Value levels and risky levels are based upon the last nine monthly, quarterly, semiannual and annual closes. The first set of levels was based upon the closes on Dec. 31, 2018. The original annual level remains in play.

The close at the end of June 2019 established new monthly, quarterly and semiannual levels. The semiannual level for the second half of 2019 remains in play.

The quarterly level changes after the end of each quarter so the close on Sept. 30 established the level for the fourth quarter. The close on Sept. 30 also established the monthly level for October as monthly levels change at the end of each month.

My theory is that nine years of volatility between closes are enough to assume that all possible bullish or bearish events for the stock are factored in.

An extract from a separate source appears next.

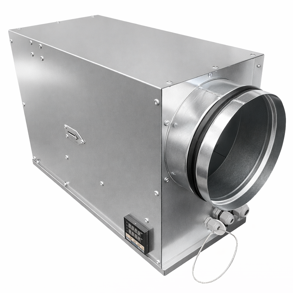 Корпус нагревателя изготавливается из оцинкованной стали и рассчитан на встраивание в круглые воздуховоды, что упрощает монтаж и обслуживание. Используются керамические PTC-нагреватели с саморегулирующимся нагревом для безопасной и устойчивой работы. Мощность около 0,9 кВт достаточна для подогрева приточного воздуха для данного сечения канала. Питание нагревателя от однофазной сети 220 В, что делает подключение удобным для большинства объектов. Встроенный регулятор управляет работой нагревателя по сигналу от датчика температуры в воздуховоде, поддерживая заданную уставку и предотвращая перегрев.

To capture share price volatility investors should buy on weakness to a value level and reduce holdings on strength to a risky level. A pivot is a value level or risky level that was violated within its time horizon. Pivots act as magnets that have a high probability of being tested again before its time horizon expires.

How to use 12x3x3 Weekly Slow Stochastic Readings:

My choice of using 12x3x3 weekly slow stochastic readings was based upon back-testing many methods of reading share-price momentum with the objective of finding the combination that resulted in the fewest false signals. I did this following the stock market crash of 1987, so I have been happy with the results for more than 30 years.

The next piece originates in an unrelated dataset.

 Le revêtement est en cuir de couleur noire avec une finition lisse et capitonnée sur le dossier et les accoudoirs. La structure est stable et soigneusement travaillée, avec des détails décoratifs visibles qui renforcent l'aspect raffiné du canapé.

The stochastic reading covers the last 12 weeks of highs, lows and closes for the stock. There is a raw calculation of the differences between the highest high and lowest low versus the closes. These levels are modified to a fast reading and a slow reading and I found that the slow reading worked the best.

The stochastic reading scales between 00.00 and 100.00 with readings above 80.00 considered overbought and readings below 20.00 considered oversold. Recently I noted that stocks tend to peak and decline 10% to 20% and more shortly after a reading rises above 90.00, so I call that an "inflating parabolic bubble" as a bubble always pops. I also call a reading below 10.00 as being "too cheap to ignore."

Disclosure: The author has no positions in any stocks mentioned and no plans to initiate any positions within the next 72 hours.